Monday, September 7, 2015

New museum of the Bible - who cares?

The founder of the privately held company, Hobby Lobby, is once again in the news. As you may recall, Hobby Lobby entrepreneur Steve Green, previously protested against having to provide full healthcare benefits (e.g., contraception) to his employees. Now, Green has funded a new Museum of the Bible, set to open in a location near the US Capitol.

Who cares?

Unsurprisingly, a sizable number of people object for various reasons. First, some people object because the museum's proximity to the Capitol suggests an inappropriate mixing of religion and politics. I reply: What's new about this? Furthermore, I'm strongly support the presence of religion in the public square. Religious groups and perspectives, like other groups and perspectives, have a right to participate in public discourse.

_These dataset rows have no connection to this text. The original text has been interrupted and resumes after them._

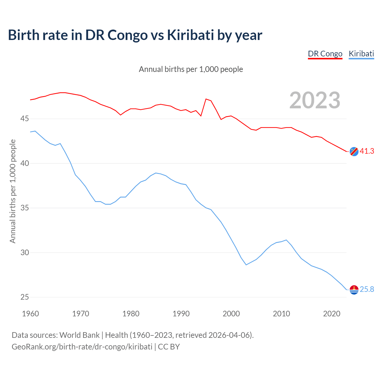 The DR Congo has an annual birth rate of 41.3 births per 1,000 people, compared to 25.8 for Kiribati. The average number of children a woman is expected to have during her lifetime — the fertility rate, is 6.05 in the DR Congo and 3.15 in Kiribati — 48% difference.
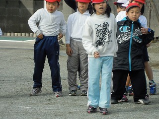 写真は、じゃんけんダッシュ前、サッカーボールを蹴った行方を真剣に見る2年生 です。
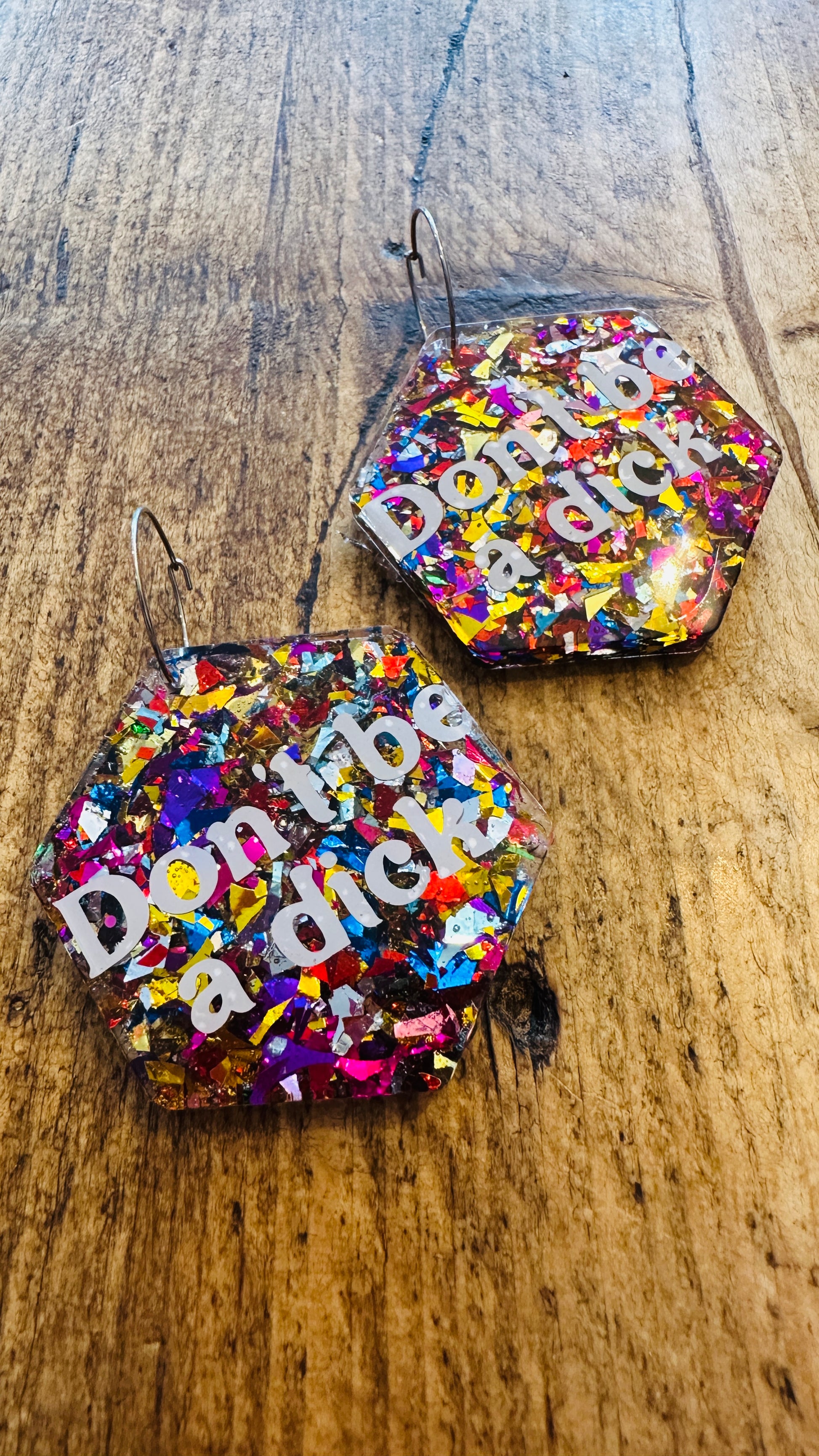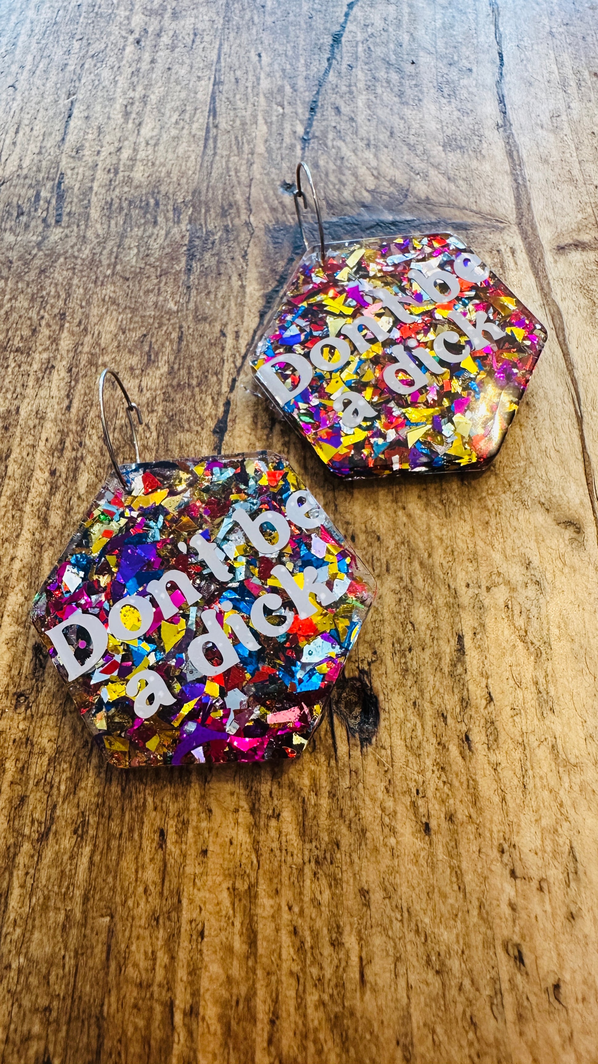 Handmade don’t be a dick earrings! Sterling silver, glitter, sparkle, rude, adult, mature, offensive, sweary
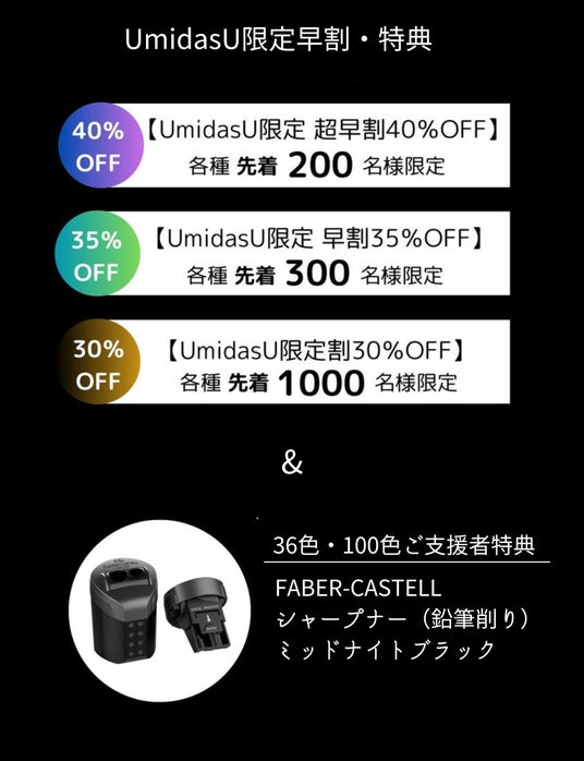 株式会社ワイズコーポレーションのグループ会社で、現存する世界最古の筆記具メーカー「ファーバーカステル」の日本発売元である株式会社フェリッティ(本社:大阪市東成区、代表取締役:室井和憲)は、新商品「BLACK EDITION色鉛筆」の日本初上陸を目指すプロジェクトを、購入型クラウドファンディング【UmidasU】で2024年9月15日(日)より受付を開始し、6時間で目標達成いたしました。10月17日現在で支援金額は230万円を超えております。
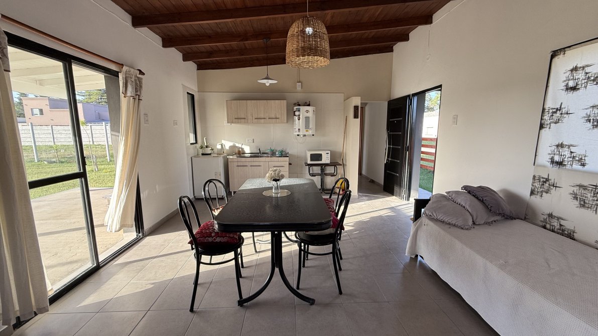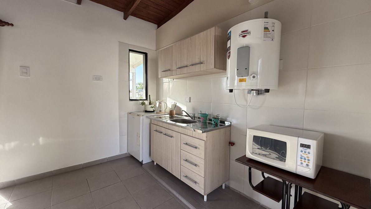- Casa emplazada en dos ambientes, constituida por cocina-living-comedor muy luminoso con vista al parque, dormitorio, ante baño y baño.
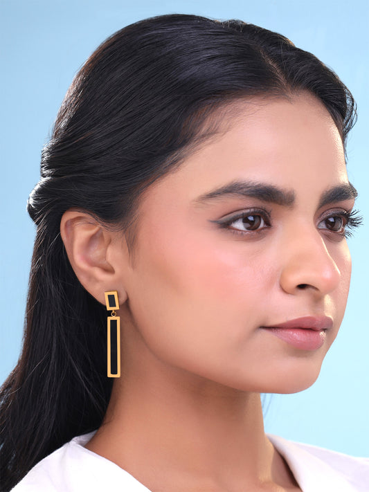 Long Drop Earrings for Women Girls | Fashion Golden Women Earrings | Gold Plated Black Drop Long Earrings for Women | Birthday Gift for Girls Anniversary Gift for Wife
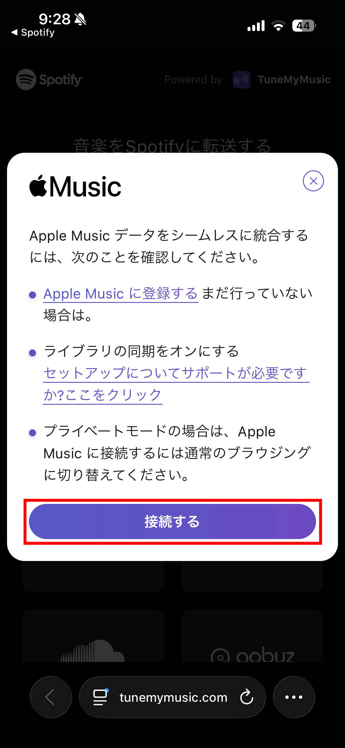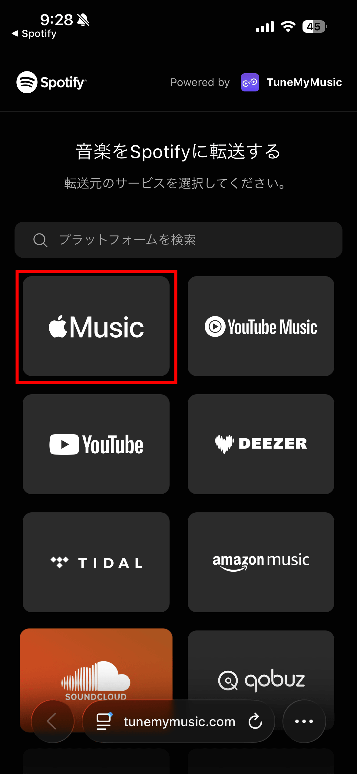 This time, tap the icon to transfer a playlist from Apple Music.
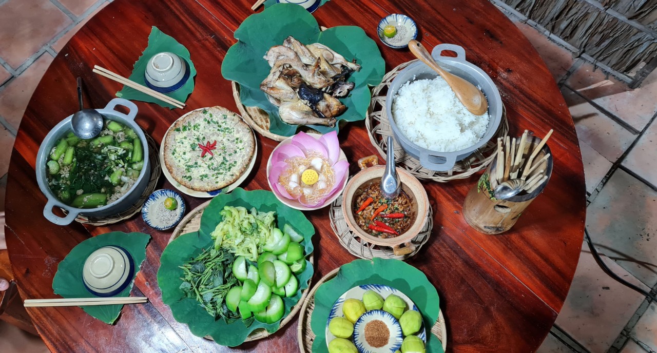 - Các buổi ăn chính và ăn phụ trong ngày (Ăn theo ẩm thực địa phương do nông trại sản xuất hướng về giá trị truyền thống Nam bộ, thực dưỡng, an lành không hóa học với các loại đạm 0,1,2 chân (Gạo hữu cơ ST24 – Top 3 thế giới, Rau sạch, cá da trơn, trái cây, trứng vịt, gà vườn... hạn chế và đạm 04 chân: heo, bò…).
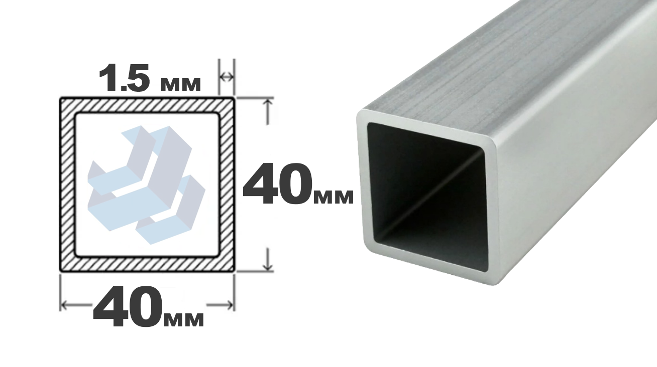 Электросварная квадратная труба 40×1,5 мм, длина 6000 мм, ГОСТ 13663-86
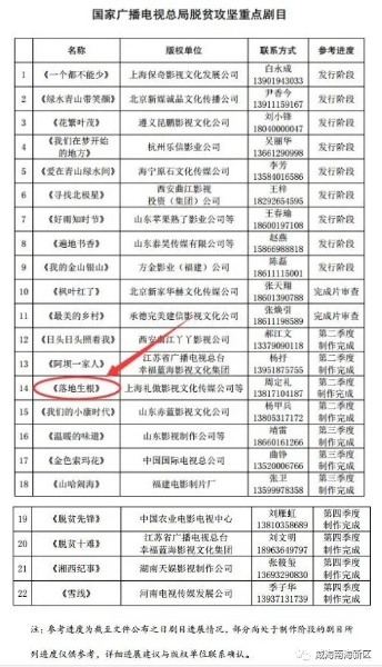3月17日,国家广播电视总局公布了22部脱贫攻坚题材重点电视剧剧目名单,由威海南海新区管委、山东卫视传媒、上海礼傲影视文化传媒、涅磐文化传媒(上海)、山东屹能市政工程联合出品的电视剧《落地生根》名列其中。
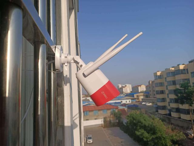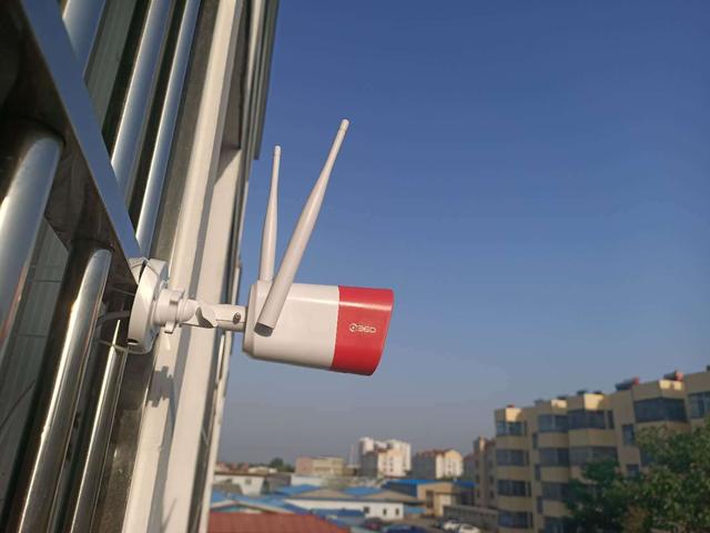 安装固定方式因为暂时没回老家我选择了。 将360智能摄像机红色警戒高配版固定在我家里阳台上对楼前、楼下进行拍摄测试。
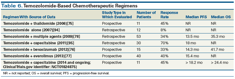 Cytotoxic chemotherapies are reserved for patients who are highly symptomatic from unresectable advanced disease; patients with rapid tumor growth; and those whose disease has progressed on other treatments, such as somatostatin analogs or targeted therapies. Historically, streptozotocin and dacarbazine were the chemotherapeutic agents of choice, with RRs of 30% to 70%; however, both agents are limited by toxicity.[73,74] Currently, the preferred cytotoxic regimens consist of temozolomide in combination with other chemotherapeutic agents (Table 6). Temozolomide-based regimens have ORRs of 24% to 45%.[75-77] PNETs are more likely than other gastrointestinal NETs to respond to temozolomide.[78]
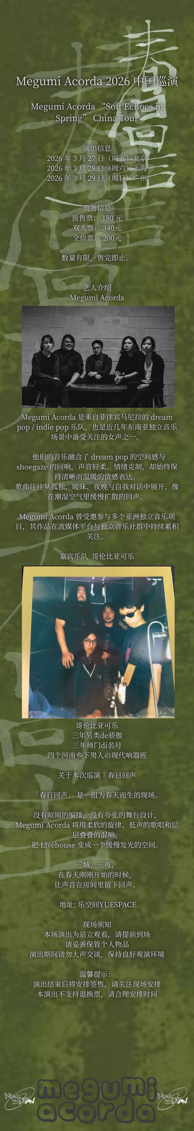 【北京】Megumi Acorda 2026 巡演|春日回声 北京站
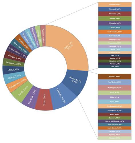 Como puede observarse en la figura 3, que representa los valores de influencia de los Estados durante la vigencia del censo actual (censo de 2010), cuando los votos electorales de los Estados que tienen menos de un 1 % de peso específico en el Electoral College: Wyoming, Vermont, South Dakota, North Dakota, Montana, District of Columbia, Delaware, Alaska, Rhode Island, New Hampshire, Maine, Idaho, Hawái, West Virginia, New Mexico y Nebraska; suman 65 votos electorales, apenas 5 más de los 55 votos electorales de California. Si además de los que tienen menos de un 1 % de peso específico, sumamos los que representan entre un 1 y un 2 % del peso del Electoral College, obtenemos casi un 40 % de los votos electorales (37.67 %) que dependen de Estados que suponen menos de un 2 % del total, como se muestra en la figura 3.

Second, some people object because the museum may become an effective means of evangelical propaganda (aka evangelism). I reply (with a yawn): Anyone gullible enough to find an assortment of artifacts related to the Bible sufficiently persuasive to commit to evangelical Christianity would probably have the same commitment at the next convenient opportunity. As I have repeatedly contended in Ethical Musings' posts, the Bible is at best understood as a window or source of metaphors about life's deepest mystery and not a sourcebook of propositional truth.


What I find disturbing about this controversy is the lack of Christian concern that the money used to fund the Museum of the Bible is being used unethically. Jesus did not build any museums. Instead, he fed the hungry, gave water to the thirsty, stood firm against the forces of oppression, called for people to live justly, and worked for peace. The national mall does not need another museum; instead, the nation needs people who live more justly and love more fully.

Thursday, September 3, 2015

Bible and culture

Dennis Eric Nineham was a British theologian and academic, who served as Warden of Keble College, Oxford, from 1969 to 1979, as teaching theology at the universities of London, Cambridge, and Bristol. I have frequently consulted his commentary on Mark's gospel. Recently, I came across this statement from him that explains why contemporary people find traditional Christian doctrine incomprehensible and why Christianity requires constant reinterpretation:
... people of different periods and cultures differ very widely; in some cases so widely that accounts of the nature and relations of God, men and the world put forward in one culture may be unacceptable, as they stand, in a different culture ... a situation of this sort has arisen ... at about the end of the eighteenth century a cultural revolution of such proportions broke out that it separates our age sharply from all ages that went before. (The Use and Abuse of the Bible, 1976)

In a cosmos characterized by constant change, presuming that humans alone remain unchanging makes no sense. Consequently, imagining that human thoughts about the cosmos, its nature, and its creator should be fixed also makes no sense.

The mystery of the cosmos is one into which each human is privileged to live. Theology, at its very best, is an individual endeavor in which a person attempts to express in words how she or he seeks to make that mystery intelligible. Thus, theology is inescapable and few endeavors are more challenging, exasperating, potentially rewarding than theology.


What is your description – in words, images, or sounds – of that mystery?